### [PROBLEM DESCRIPTION]
Without the pictures, write the listing below out again, line for line.

### [DATA EXCERPT]
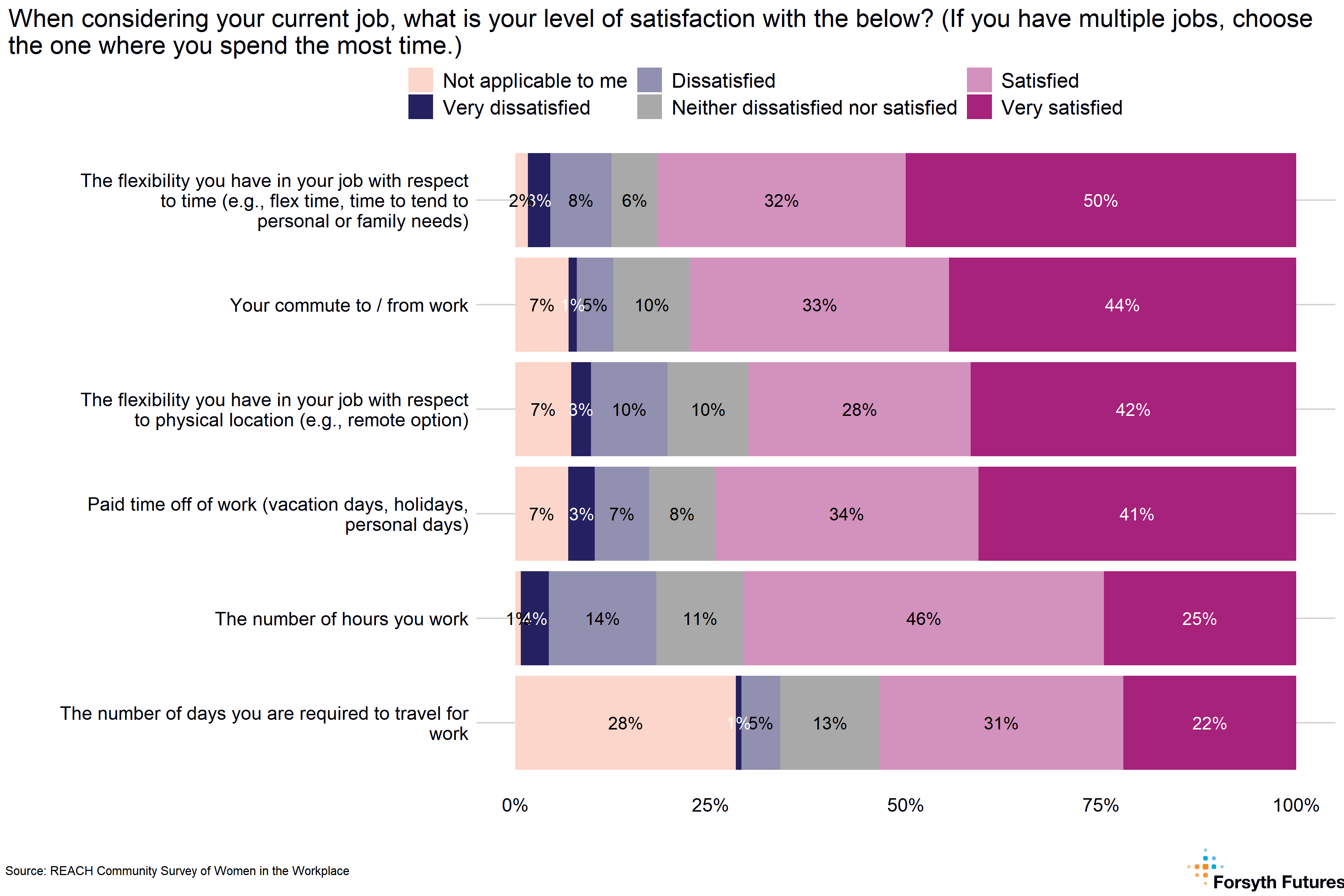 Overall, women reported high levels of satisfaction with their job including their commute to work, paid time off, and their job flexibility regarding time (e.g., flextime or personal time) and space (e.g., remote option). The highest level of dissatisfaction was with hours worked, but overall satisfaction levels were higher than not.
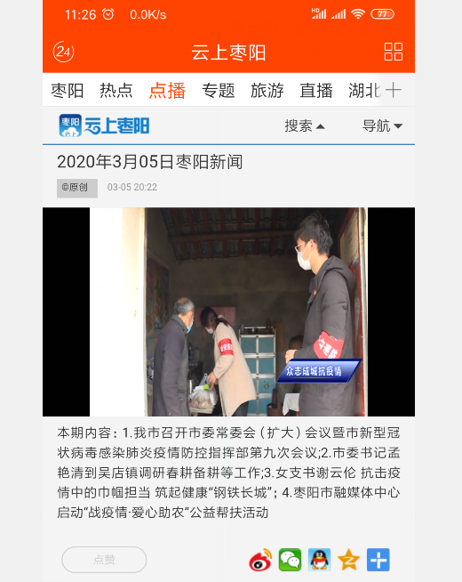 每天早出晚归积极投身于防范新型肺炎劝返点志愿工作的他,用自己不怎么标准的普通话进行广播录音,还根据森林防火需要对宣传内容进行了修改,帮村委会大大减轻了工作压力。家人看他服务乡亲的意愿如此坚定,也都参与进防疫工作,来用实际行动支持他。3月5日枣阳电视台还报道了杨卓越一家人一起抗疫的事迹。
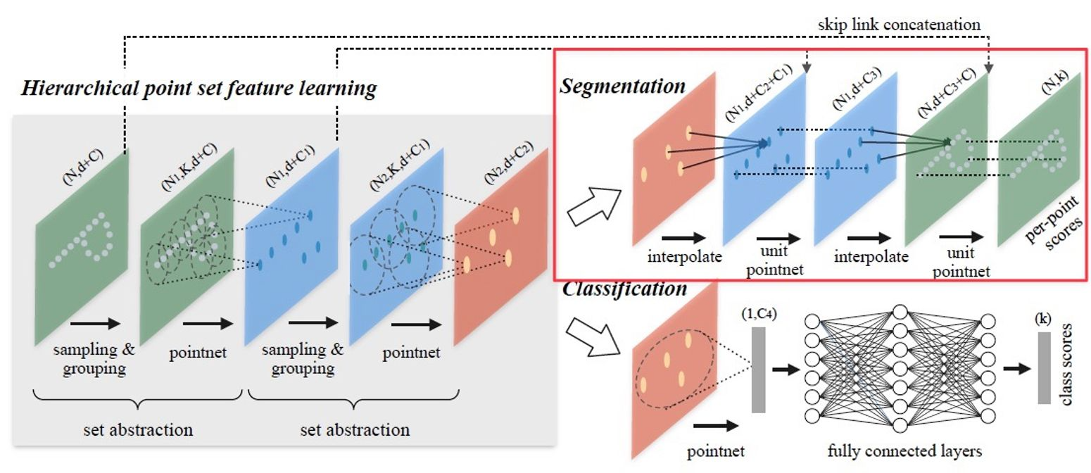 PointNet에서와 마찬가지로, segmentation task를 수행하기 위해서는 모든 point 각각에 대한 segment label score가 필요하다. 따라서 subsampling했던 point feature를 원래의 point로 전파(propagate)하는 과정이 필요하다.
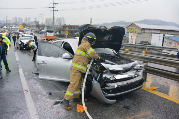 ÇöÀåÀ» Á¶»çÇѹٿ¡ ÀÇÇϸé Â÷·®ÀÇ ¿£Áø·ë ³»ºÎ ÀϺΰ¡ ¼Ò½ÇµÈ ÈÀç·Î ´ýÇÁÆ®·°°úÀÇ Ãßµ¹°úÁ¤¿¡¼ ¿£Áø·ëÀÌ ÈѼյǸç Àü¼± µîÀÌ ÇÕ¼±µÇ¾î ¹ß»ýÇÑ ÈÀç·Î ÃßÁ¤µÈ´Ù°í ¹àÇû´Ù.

### [SOLUTION]
 Overall, women reported high levels of satisfaction with their job including their commute to work, paid time off, and their job flexibility regarding time (e.g., flextime or personal time) and space (e.g., remote option). The highest level of dissatisfaction was with hours worked, but overall satisfaction levels were higher than not.
 每天早出晚归积极投身于防范新型肺炎劝返点志愿工作的他,用自己不怎么标准的普通话进行广播录音,还根据森林防火需要对宣传内容进行了修改,帮村委会大大减轻了工作压力。家人看他服务乡亲的意愿如此坚定,也都参与进防疫工作,来用实际行动支持他。3月5日枣阳电视台还报道了杨卓越一家人一起抗疫的事迹。
 PointNet에서와 마찬가지로, segmentation task를 수행하기 위해서는 모든 point 각각에 대한 segment label score가 필요하다. 따라서 subsampling했던 point feature를 원래의 point로 전파(propagate)하는 과정이 필요하다.
 ÇöÀåÀ» Á¶»çÇѹٿ¡ ÀÇÇϸé Â÷·®ÀÇ ¿£Áø·ë ³»ºÎ ÀϺΰ¡ ¼Ò½ÇµÈ ÈÀç·Î ´ýÇÁÆ®·°°úÀÇ Ãßµ¹°úÁ¤¿¡¼ ¿£Áø·ëÀÌ ÈѼյǸç Àü¼± µîÀÌ ÇÕ¼±µÇ¾î ¹ß»ýÇÑ ÈÀç·Î ÃßÁ¤µÈ´Ù°í ¹àÇû´Ù.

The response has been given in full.